Many mocked Rousseau as a primitive, especially with his fondness for invention and inclusion of the exotic in his work. But the effect was to achieve a sense of realism all the while completely ignoring visual convention by means of his characteristically unabashed lack of sophistication while leaning almost totally toward factualism. The palm tree was going to be in there no matter what. The lion was going to sniff the dreamer in the desert nocturnal scene even if realism were to suffer a bit.
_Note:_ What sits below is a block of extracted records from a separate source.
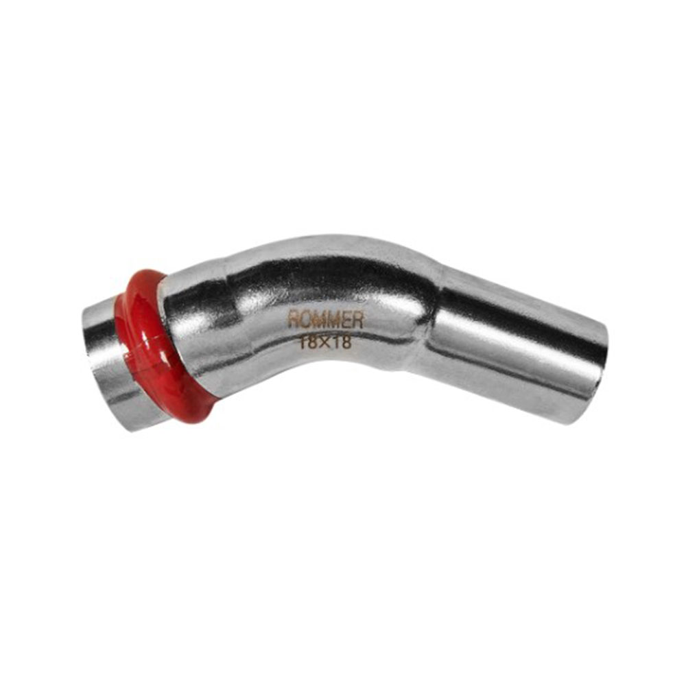 Угольник однораструбный Впр-Нпр Ø 18 мм 45° Нержавеющая сталь пресс ROMMER - это однораструбный угольник из нержавеющей стали с углом 45 градусов и диаметром 18 миллиметров. Используется в системах отопления и горячего водоснабжения для обеспечения надежного и герметичного соединения элементов трубопровода.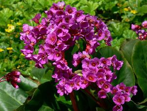 Или "Монгольский чай". Вечнозелёное садовое растение с листьями «хамелеон» — осенью они отливают красным цветом, иногда полностью становясь багряного оттенка. Самостоятельно ползёт по участку за счёт прироста корневища. Через несколько недель после схода снега, растение зацветает на 30 дней розово-сиреневыми, прямостоящими, сложными соцветиями из маленьких цветочков. Ценится не только за декоративный вид, но и за лекарственные свойства корневищ и листьев. |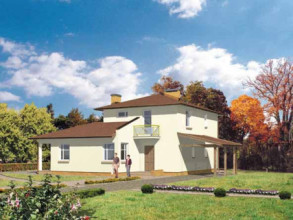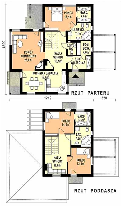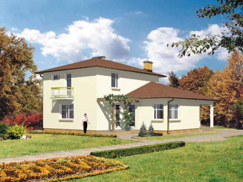 Budynek jednorodzinny, parterowy, w części piętrowy, niepodpiwniczonyŚciany zewnętrzne: gr. 36,5 cm z bloczków YTONG; strop: nad parterem żelbetowy, nad piętrem drewniany; schody: drewniane; dach: trzy i czterospadowy o nachyleniu 20 stopni, więźba drewniana, krycie dachówką bitumiczną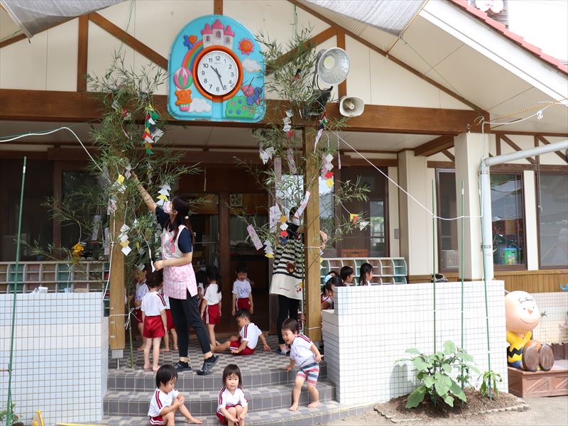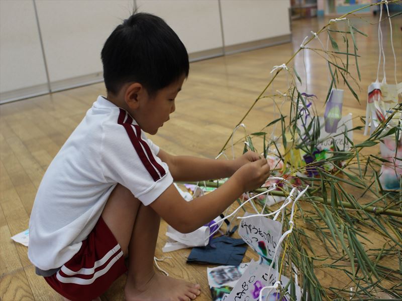七夕の飾りつけをしていました♪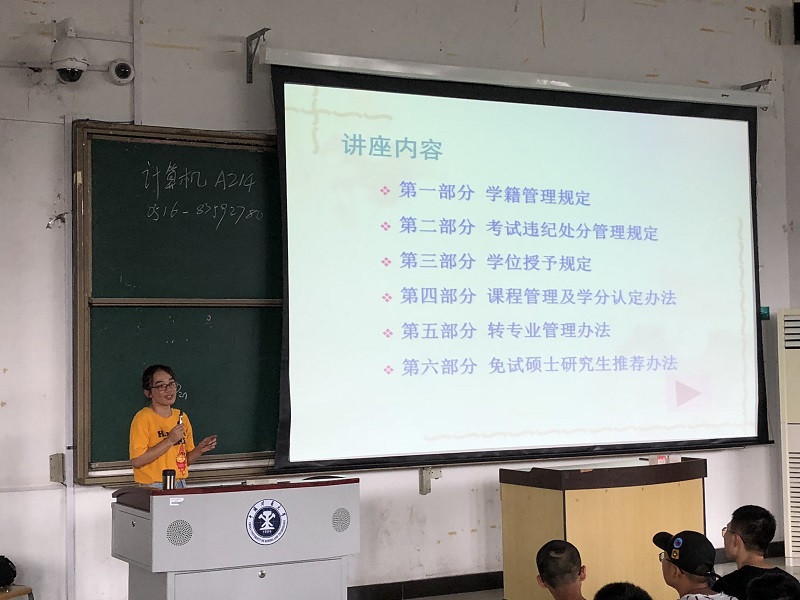 会议伊始,由孙艳梅老师详细讲解学院学籍管理制度,并向新生们详细介绍《学生手册》中的部分内容。她先后解释了教学管理规定、学分制管理规定及素质测评等方面,并介绍了本校有关转专业、免试硕士研究生推荐等内容;为新生较快地了解大学学习及生活模式、制定自身目标做好铺垫。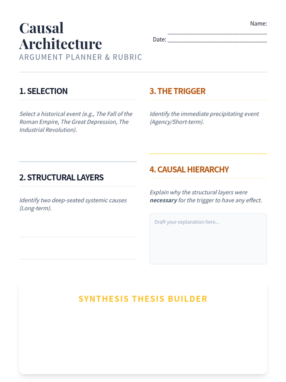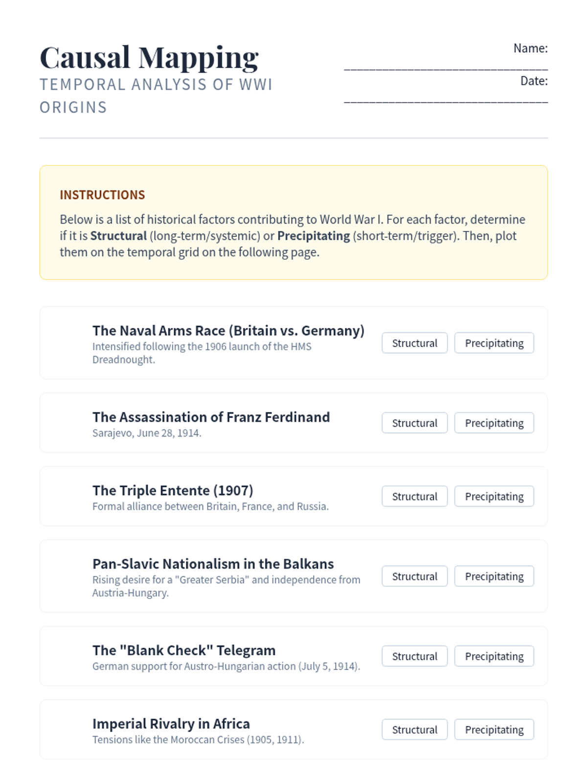 This sequence for undergraduate students explores the nuances of historical causation, distinguishing between long-term structural factors and immediate precipitating triggers. Students will analyze historiographical theories, case studies like WWI and the French Revolution, and logical fallacies to build robust, multi-causal arguments.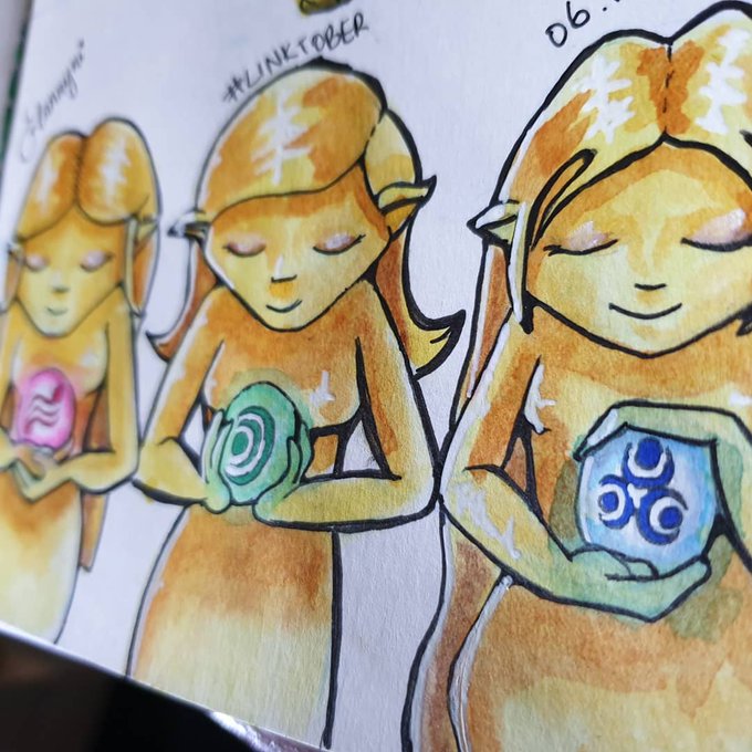 Day 6 • Din/Farore/Nayru These are the 3 Goddess who created Hyrule. So for today I created Golden Statues of the Goddesses with their respective symbols. I like this one 😁 #loz #legendofzelda #linktober #inktober2019 #artistsoflegend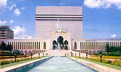 The United Nations categorizes Bangladesh as a moderate democratic Muslim country.[4][5] The Constitution of Bangladesh refers to Islam twice: the document begins with the Islamic phrase Bismillahir Rahmanir Raheem (Arabic: بِسْمِ اللهِ الرَّحْمٰنِ الرَّحِيْمِ, lit. 'In the name of Allah, the Beneficent, the Merciful') and article (2A), added later, declares that: "Islam is the state religion of the republic".[6] Former Prime Minister of Bangladesh Sheikh Hasina stated that Bangladesh would be governed in line with the spirit of the Islamic Constitution of Medina.[7][8]
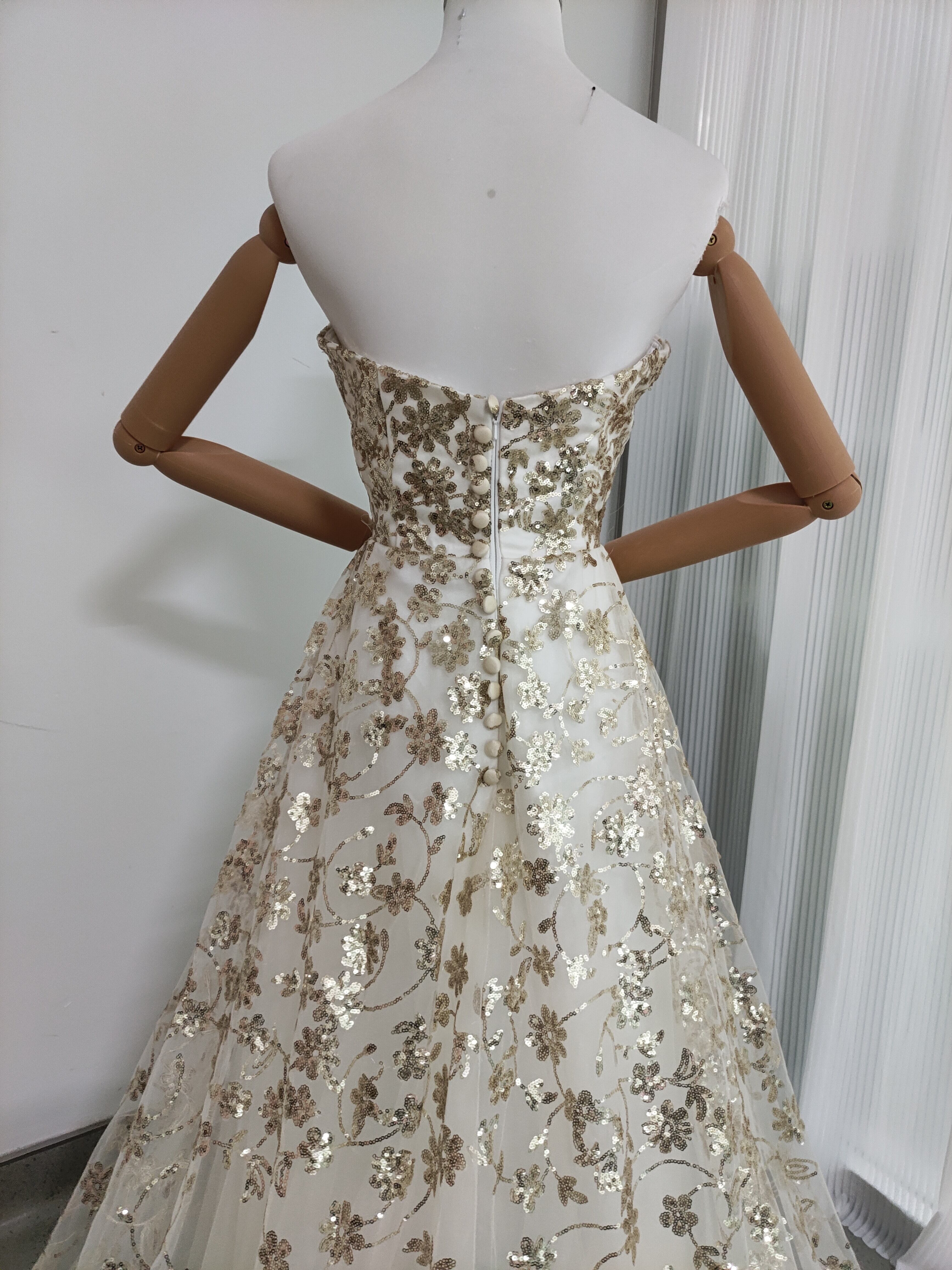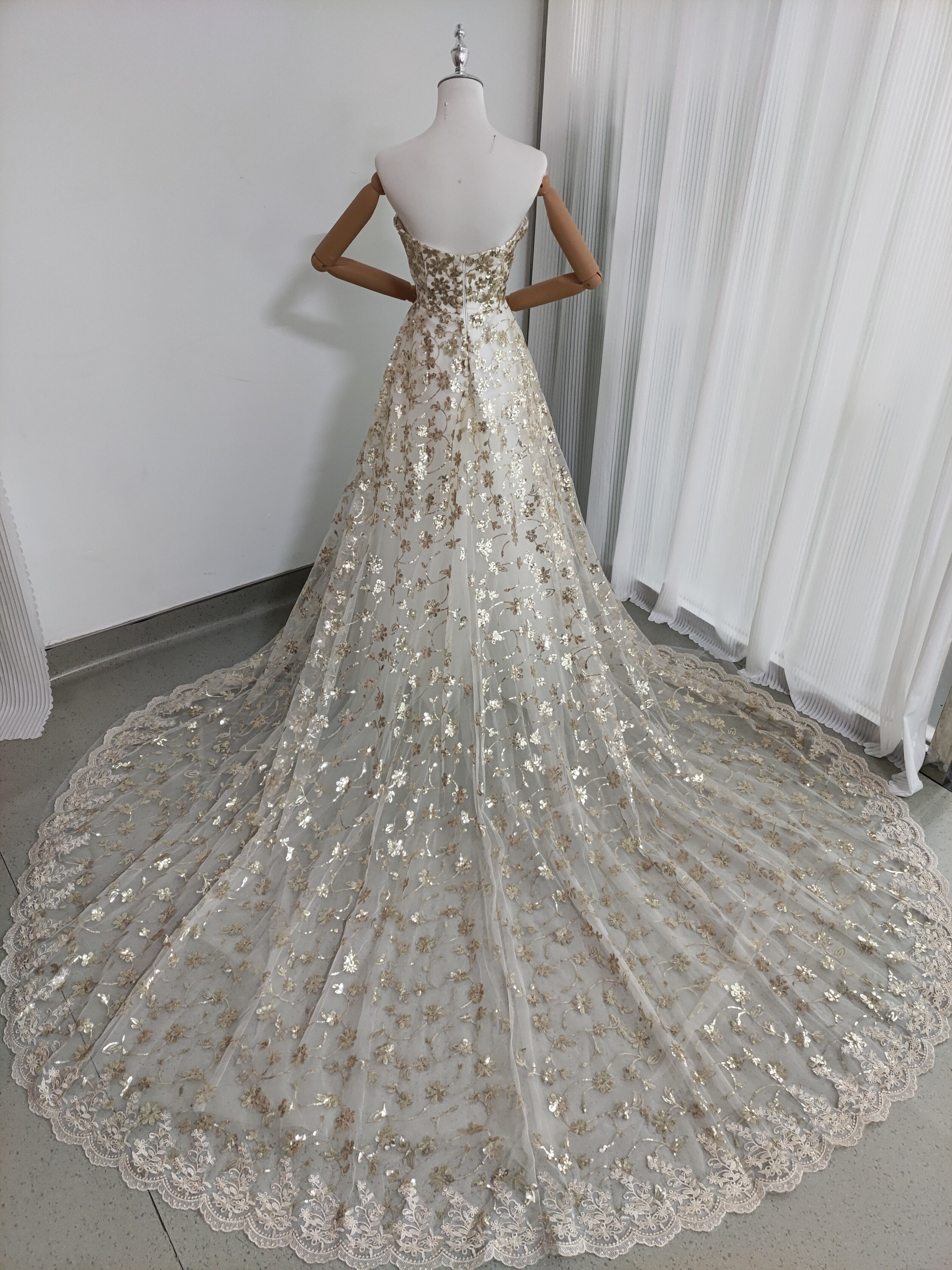 送料無料!キラキラゴールドの刺繍ドレス ビスチェ トレーン ハートカット

The cubists began to work on a conscious concerted effort to break free and begin to work on something new just as the Renaissance artists had broken away from their past, but now it must be in a radically different way.  They elected, among other things to try to do away with perspective while still incorporating spatiality into the composition.  Of course, now you know it's all history -- art history and so the academicians got in there with their folderol (or as the French goes "fol du roi", the folly of the king) and superfluous verbiage.  So we don't know that much about what really happened.   At least I don't.  Maybe there are some personal diaries and journals out there somewhere that someone kept somehow.  They did seem to be sort of meticulous.

My impression is that after a while those boys were just having a good time with it as that's the way with artists when they really get into their work.  By and large they were really on to something.  But you have to remember Picasso was in the movement and he was a sheer genius.  That guy could have made anything work.  The funny part is to watch the scholars trying to explain cubism the way they used to with all the hype and technique of babble and verbiage that went on during the pre-impressionist era with all their usual vernacular.  Picasso was a threat to them because they couldn't explain him away.  

If you ever had the real story of art history, it would have been a heck of a lot more interesting than all the filler the scholars used to describe technique.  Sure there was some technique, but a lot of it was the genius and personality of the artist.  In a way the academicians really killed a lot of fine art with their inflated and hypothetical jargon.  They made it more and more impossible to get recognized enough to make a living at art.

Actually, my favorite cubist was Georges Braque, but not because of his fabulous breakthrough so much but because of his unique and characteristic work.  No matter the technique, the personality of the artist shines through.  That sets the genuine apart from the fake.  A real artist's work is recognizable without even having to check the signature.   Then the others come up with elaboration on technique that fill their textbooks and the weaker artists swallow that stuff and resort to trying only to mimic the masters.

The reason why a great artist seems to handle a composition in the same way each time isn't as much due to technique as it is the essence or personality of the individual.  There comes a point in your work when you've got to stop worrying about how you're going to set about being an artist and just be one.  The uniqueness in the painting isn't that much in the skill or the execution of styles, not even in the level of brilliance, but in the mystery of the unique complexity of the individual artist and the personality.  Without the scholars trying to cash in and muscle their unworthy way into the art world, there would have been much more great and fabulous art in the world today and art would have played a much greater role in human social well-being.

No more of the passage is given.